CPUs can only execute instructions in serial. To do more than one task, a computer, for example, needs to be able to press the Save Game button, switch to a new task, and resume at that task’s saved spot. The CPU is save scum.
Why is the CPU constantly switching tasks? Because it has so much time available. Programs often need to access data from memory, disk, or the network. Because waiting for data is incredibly slow, there’s often sufficient time to do something else in the meantime.
Threads exist within a process. The distinguishing characteristic of a process is that its memory is independent from other processes. The OS, in conjunction with the CPU, protects a process’s memory from all others.
To share data between processes, Rust channels and data protected by Arc<Mutex<_>>
won’t suffice. You need some support from the OS. For this, reusing network sockets is common. Most operating systems provide specialized forms of interprocess communication (IPC), which are faster, while being less portable.
WebAssembly (Wasm) is interesting because it is an attempt at isolating tasks within the process boundary itself. It’s impossible for tasks running inside a Wasm module to access memory available to other tasks. Originating in web browsers, Wasm treats all code as potentially hostile. If you use third-party dependencies, it’s likely that you haven’t verified the behavior of all of the code that your process executes.
In a sense, Wasm modules are given access to address spaces within your process’s address space. Wasm address spaces are called linear memory. Runtime interprets any request for data within linear memory and makes its own request to the actual virtual memory.

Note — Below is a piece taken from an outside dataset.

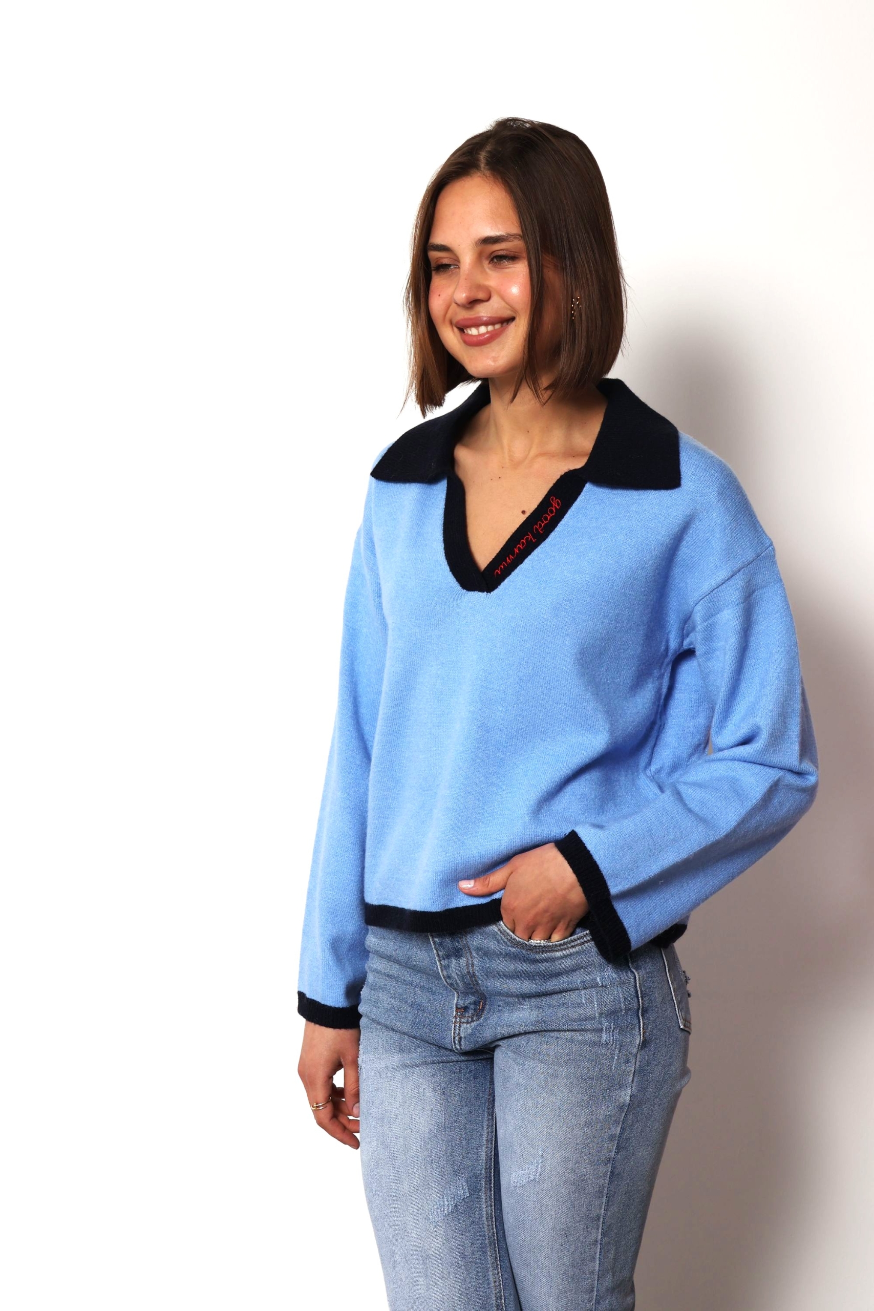 Playful yet polished, the Candy Jumper refreshes a relaxed silhouette with bold contrast trim and a structured collar. The premium blend of viscose, polyamide, wool, and cashmere creates a soft hand feel with lightweight warmth and lasting comfort. Designed to stand out while remaining easy to style, it’s the perfect statement knit for elevated casual dressing.

Code within the Wasm module is unaware of any memory addresses that the process has access to.
Containers are extensions to processes with further isolation provided by the OS. Processes share the same filesystem, whereas containers have a filesystem created for them. The same is true for other resources, such as the network. Rather than address space, the term used for protections covering these other resources is namespaces.
It’s possible to run an application as its own OS. Chapter 11 provides one implementation. The general term for an application that runs without an OS is to describe it as freestanding—freestanding in the sense that it does not require the support of an OS. Freestanding binaries are used by embedded software developers when there is no OS to rely on.

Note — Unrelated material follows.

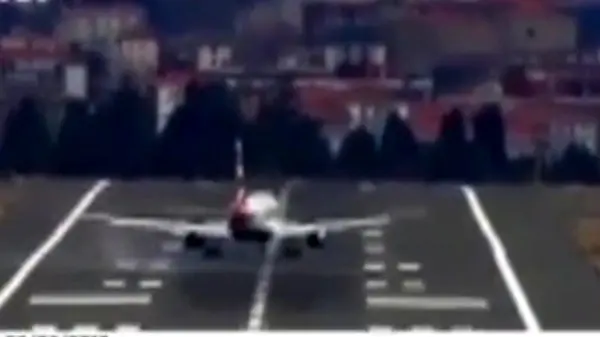 رکنا:وزش شدید باد فرود یک هواپیمای مسافربری را در فرودگاه «سنسباستین» اسپانیا دچار مشکل کرد.

Using freestanding binaries can involve significant limitations, though. Without an OS, applications no longer have virtual memory or multithreading. All of those concerns become your application’s concerns. To reach a middle ground, it is possible to compile a unikernel. A unikernel is a minimal OS paired with a single application. The compilation process strips out everything from the OS that isn’t used by the application that’s being deployed.

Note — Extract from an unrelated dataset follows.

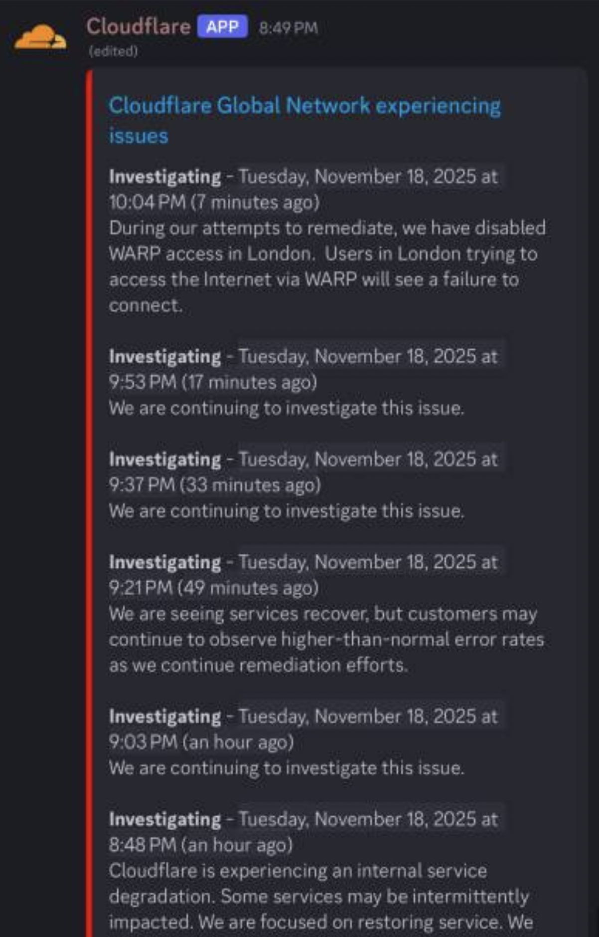 로그인·매칭·컨트롤 플레인 + 런처/패치가 Cloudflare에 엮여 있기 때문에 에러가 발생한다.

Closures and functions both feel like they should be the same type, but they aren’t identical. If you want to create a function that accepts either a function or a closure as an argument, then make use of the std::ops::Fn
family of traits.
A functional style that makes heavy use of higher-order programming and iterators is idiomatic Rust. This approach tends to work better with third-party libraries because std::iter::Iterator
is such a common trait to support.
Threads have less impact than you have probably heard, but spawning threads without bounds can cause significant problems.
To create a byte (u8
) from a literal, use single quotes (e.g., b'a'
). Double quotes (e.g., b"a"
) creates a byte slice ([u8]
) of length 1.
To increase the convenience of enums, it can be handy to bring their variants into local scope with use crate::
.
Isolation is provided as a spectrum. In general, as isolation between software components increases, performance decreases.
1.It’s also possible to use both: sleep for the bulk of the time and a spin loop towards the end.